Ah. I was fooled by Parse::CSV making a big deal that "other modules" wrapped Text::CSV_XS. Thanks for the correction.

"When I say single character separator, I mean it." One glance at the source code and it's obvious the author doesn't mean single character; he means single byte. There's nothing at all in the module about any character encoding—least of all about one of the Unicode character encoding schemes

Yes, that is what I expected. A Perl module doing absolutely nothing about character encodings is the way that a module is most likely to be able to deal with UTF-8 characters just fine. When modules try to deal with UTF-8 characters, then you end up having to deal with how the module author chose to do things rather than just dealing with how Perl chose to deal with UTF-8.

I've had a hand in getting Unicode support into many layers of quite a few projects and the biggest problems have always been with the modules that try to do stuff with encodings.

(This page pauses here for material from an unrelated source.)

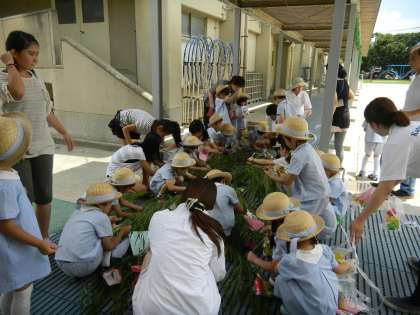 7月1日(月),かつらがわ保育園の子どもたちが笹竹と笹かざりを持って,桂川小学校に来てくれました。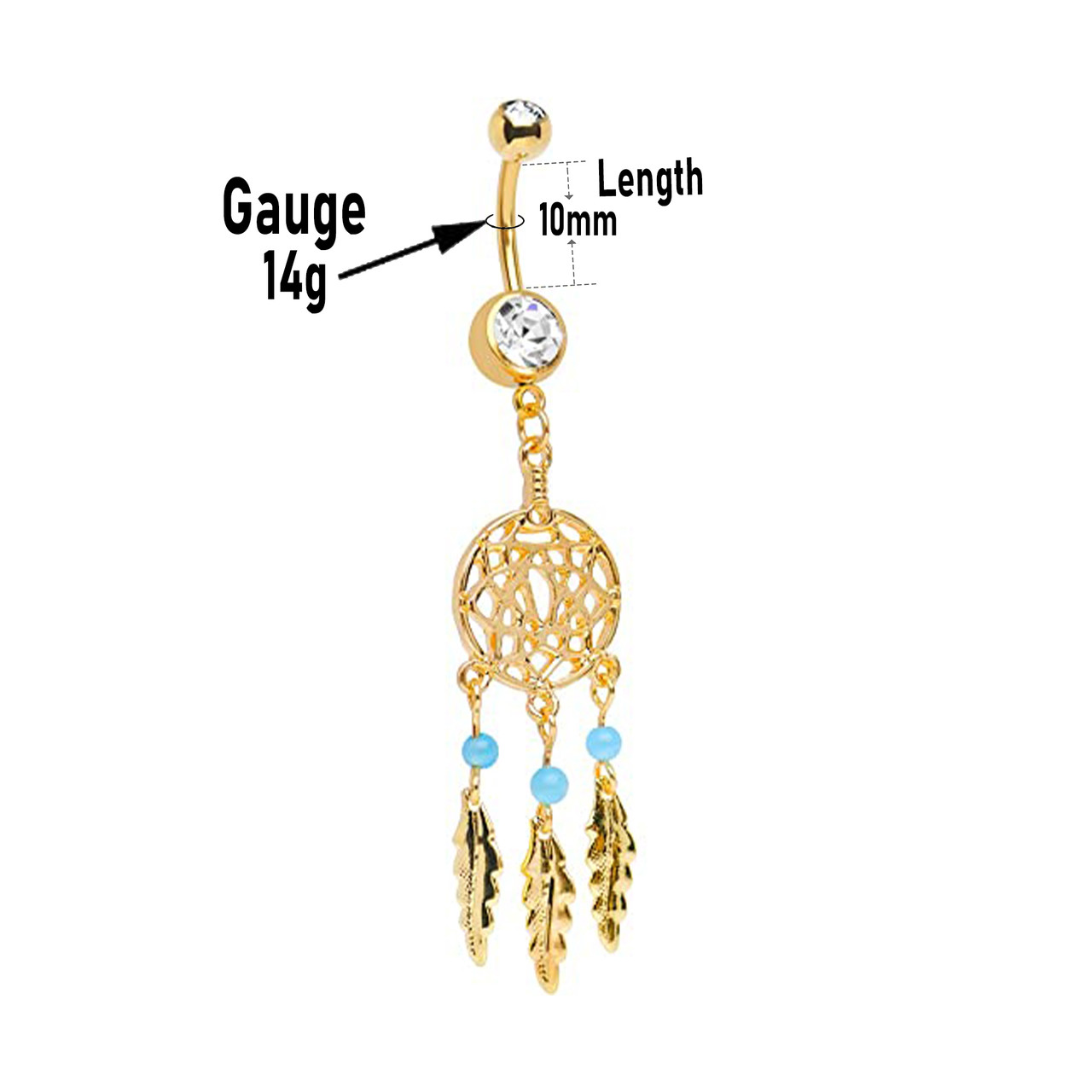 Dream Catcher Belly Ring - 14ga-3/8(10mm) - Gold I.P. Over 316L Surgical Steel

The only problems I recall with modules that don't deal with encodings is the few that deal with protocols with something like a Content-Length: header where the module naively uses length() when it should have used bytes::length().

But CSV parsing isn't even close to rocket surgery. There are a few common pitfalls. It takes just a small bit of competence and/or research to implement CSV parsing quite correctly. I really don't see the big deal with Text::CSV_XS needing to be all-singing/all-dancing. That just leads to bloat.

Heck, if I were implementing a CSV parsing module, I'd probably have separate code for the case of single-character separators, quotes, and escapes. Because the reasonable way to implement CSV parsing efficiently is rather different between when "quote" is a single character and when it is more than 1 character.

So I see no problem having a whole separate module for dealing with multi-character quotes. Use the standard module if you don't have to deal with such. Use the other module when you do. Each module is simpler because the multi-character one doesn't have to also try to include code to maximize efficiency for when a quote is a single character.